### Brief
Whatever the records hold, copy it exactly and completely.

════════════════════

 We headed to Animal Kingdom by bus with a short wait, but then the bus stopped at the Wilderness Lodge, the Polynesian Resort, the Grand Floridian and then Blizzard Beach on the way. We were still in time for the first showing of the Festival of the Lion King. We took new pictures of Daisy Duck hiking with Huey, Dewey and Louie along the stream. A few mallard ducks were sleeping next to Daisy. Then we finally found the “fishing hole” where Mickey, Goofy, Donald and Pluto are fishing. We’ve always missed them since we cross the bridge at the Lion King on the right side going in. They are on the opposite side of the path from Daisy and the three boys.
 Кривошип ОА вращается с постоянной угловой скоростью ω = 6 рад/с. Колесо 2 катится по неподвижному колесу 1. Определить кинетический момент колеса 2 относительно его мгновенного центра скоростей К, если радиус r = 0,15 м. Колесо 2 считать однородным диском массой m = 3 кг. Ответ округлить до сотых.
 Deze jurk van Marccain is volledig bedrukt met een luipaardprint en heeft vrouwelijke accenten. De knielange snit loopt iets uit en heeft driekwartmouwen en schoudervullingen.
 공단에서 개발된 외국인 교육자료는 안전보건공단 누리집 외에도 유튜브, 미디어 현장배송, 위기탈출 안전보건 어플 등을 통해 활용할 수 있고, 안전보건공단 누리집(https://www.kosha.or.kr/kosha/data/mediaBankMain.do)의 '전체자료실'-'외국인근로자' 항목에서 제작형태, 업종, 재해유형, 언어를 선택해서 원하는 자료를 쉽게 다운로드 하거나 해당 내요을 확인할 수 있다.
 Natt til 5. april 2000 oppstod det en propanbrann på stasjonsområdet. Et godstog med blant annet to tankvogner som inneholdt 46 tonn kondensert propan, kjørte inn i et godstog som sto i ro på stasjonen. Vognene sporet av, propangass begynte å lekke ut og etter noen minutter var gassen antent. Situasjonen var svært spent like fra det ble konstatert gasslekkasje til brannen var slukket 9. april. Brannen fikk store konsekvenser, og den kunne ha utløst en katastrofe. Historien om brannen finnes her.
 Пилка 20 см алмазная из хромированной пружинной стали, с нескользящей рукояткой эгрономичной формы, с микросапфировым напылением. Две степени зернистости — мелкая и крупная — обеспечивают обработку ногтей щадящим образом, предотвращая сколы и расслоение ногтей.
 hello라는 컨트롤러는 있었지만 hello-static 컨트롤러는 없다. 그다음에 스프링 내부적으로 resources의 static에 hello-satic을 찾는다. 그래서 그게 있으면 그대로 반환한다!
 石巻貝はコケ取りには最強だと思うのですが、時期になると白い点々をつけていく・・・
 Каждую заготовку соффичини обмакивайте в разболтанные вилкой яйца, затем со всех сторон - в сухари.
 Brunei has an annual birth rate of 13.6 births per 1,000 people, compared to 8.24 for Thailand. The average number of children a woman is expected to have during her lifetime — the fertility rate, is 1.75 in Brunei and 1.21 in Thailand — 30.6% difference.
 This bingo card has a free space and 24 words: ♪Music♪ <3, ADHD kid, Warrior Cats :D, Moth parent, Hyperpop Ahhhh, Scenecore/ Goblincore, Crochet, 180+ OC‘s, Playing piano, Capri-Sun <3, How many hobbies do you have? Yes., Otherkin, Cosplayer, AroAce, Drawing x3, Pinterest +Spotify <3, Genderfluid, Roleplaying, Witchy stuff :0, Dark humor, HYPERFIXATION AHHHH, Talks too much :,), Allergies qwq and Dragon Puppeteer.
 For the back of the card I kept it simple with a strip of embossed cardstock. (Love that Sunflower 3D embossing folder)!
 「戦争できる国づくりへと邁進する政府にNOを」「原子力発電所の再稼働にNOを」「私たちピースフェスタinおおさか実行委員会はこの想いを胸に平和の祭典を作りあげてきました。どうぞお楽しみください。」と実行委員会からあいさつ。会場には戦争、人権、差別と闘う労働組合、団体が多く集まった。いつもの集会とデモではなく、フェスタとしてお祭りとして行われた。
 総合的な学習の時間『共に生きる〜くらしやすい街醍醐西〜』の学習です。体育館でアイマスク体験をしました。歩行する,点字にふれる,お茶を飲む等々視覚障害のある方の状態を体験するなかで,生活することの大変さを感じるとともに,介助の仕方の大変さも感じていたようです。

════════════════════

### Task solution
 We headed to Animal Kingdom by bus with a short wait, but then the bus stopped at the Wilderness Lodge, the Polynesian Resort, the Grand Floridian and then Blizzard Beach on the way. We were still in time for the first showing of the Festival of the Lion King. We took new pictures of Daisy Duck hiking with Huey, Dewey and Louie along the stream. A few mallard ducks were sleeping next to Daisy. Then we finally found the “fishing hole” where Mickey, Goofy, Donald and Pluto are fishing. We’ve always missed them since we cross the bridge at the Lion King on the right side going in. They are on the opposite side of the path from Daisy and the three boys.
 Кривошип ОА вращается с постоянной угловой скоростью ω = 6 рад/с. Колесо 2 катится по неподвижному колесу 1. Определить кинетический момент колеса 2 относительно его мгновенного центра скоростей К, если радиус r = 0,15 м. Колесо 2 считать однородным диском массой m = 3 кг. Ответ округлить до сотых.
 Deze jurk van Marccain is volledig bedrukt met een luipaardprint en heeft vrouwelijke accenten. De knielange snit loopt iets uit en heeft driekwartmouwen en schoudervullingen.
 공단에서 개발된 외국인 교육자료는 안전보건공단 누리집 외에도 유튜브, 미디어 현장배송, 위기탈출 안전보건 어플 등을 통해 활용할 수 있고, 안전보건공단 누리집(https://www.kosha.or.kr/kosha/data/mediaBankMain.do)의 '전체자료실'-'외국인근로자' 항목에서 제작형태, 업종, 재해유형, 언어를 선택해서 원하는 자료를 쉽게 다운로드 하거나 해당 내요을 확인할 수 있다.
 Natt til 5. april 2000 oppstod det en propanbrann på stasjonsområdet. Et godstog med blant annet to tankvogner som inneholdt 46 tonn kondensert propan, kjørte inn i et godstog som sto i ro på stasjonen. Vognene sporet av, propangass begynte å lekke ut og etter noen minutter var gassen antent. Situasjonen var svært spent like fra det ble konstatert gasslekkasje til brannen var slukket 9. april. Brannen fikk store konsekvenser, og den kunne ha utløst en katastrofe. Historien om brannen finnes her.
 Пилка 20 см алмазная из хромированной пружинной стали, с нескользящей рукояткой эгрономичной формы, с микросапфировым напылением. Две степени зернистости — мелкая и крупная — обеспечивают обработку ногтей щадящим образом, предотвращая сколы и расслоение ногтей.
 hello라는 컨트롤러는 있었지만 hello-static 컨트롤러는 없다. 그다음에 스프링 내부적으로 resources의 static에 hello-satic을 찾는다. 그래서 그게 있으면 그대로 반환한다!
 石巻貝はコケ取りには最強だと思うのですが、時期になると白い点々をつけていく・・・
 Каждую заготовку соффичини обмакивайте в разболтанные вилкой яйца, затем со всех сторон - в сухари.
 Brunei has an annual birth rate of 13.6 births per 1,000 people, compared to 8.24 for Thailand. The average number of children a woman is expected to have during her lifetime — the fertility rate, is 1.75 in Brunei and 1.21 in Thailand — 30.6% difference.
 This bingo card has a free space and 24 words: ♪Music♪ <3, ADHD kid, Warrior Cats :D, Moth parent, Hyperpop Ahhhh, Scenecore/ Goblincore, Crochet, 180+ OC‘s, Playing piano, Capri-Sun <3, How many hobbies do you have? Yes., Otherkin, Cosplayer, AroAce, Drawing x3, Pinterest +Spotify <3, Genderfluid, Roleplaying, Witchy stuff :0, Dark humor, HYPERFIXATION AHHHH, Talks too much :,), Allergies qwq and Dragon Puppeteer.
 For the back of the card I kept it simple with a strip of embossed cardstock. (Love that Sunflower 3D embossing folder)!
 「戦争できる国づくりへと邁進する政府にNOを」「原子力発電所の再稼働にNOを」「私たちピースフェスタinおおさか実行委員会はこの想いを胸に平和の祭典を作りあげてきました。どうぞお楽しみください。」と実行委員会からあいさつ。会場には戦争、人権、差別と闘う労働組合、団体が多く集まった。いつもの集会とデモではなく、フェスタとしてお祭りとして行われた。
 総合的な学習の時間『共に生きる〜くらしやすい街醍醐西〜』の学習です。体育館でアイマスク体験をしました。歩行する,点字にふれる,お茶を飲む等々視覚障害のある方の状態を体験するなかで,生活することの大変さを感じるとともに,介助の仕方の大変さも感じていたようです。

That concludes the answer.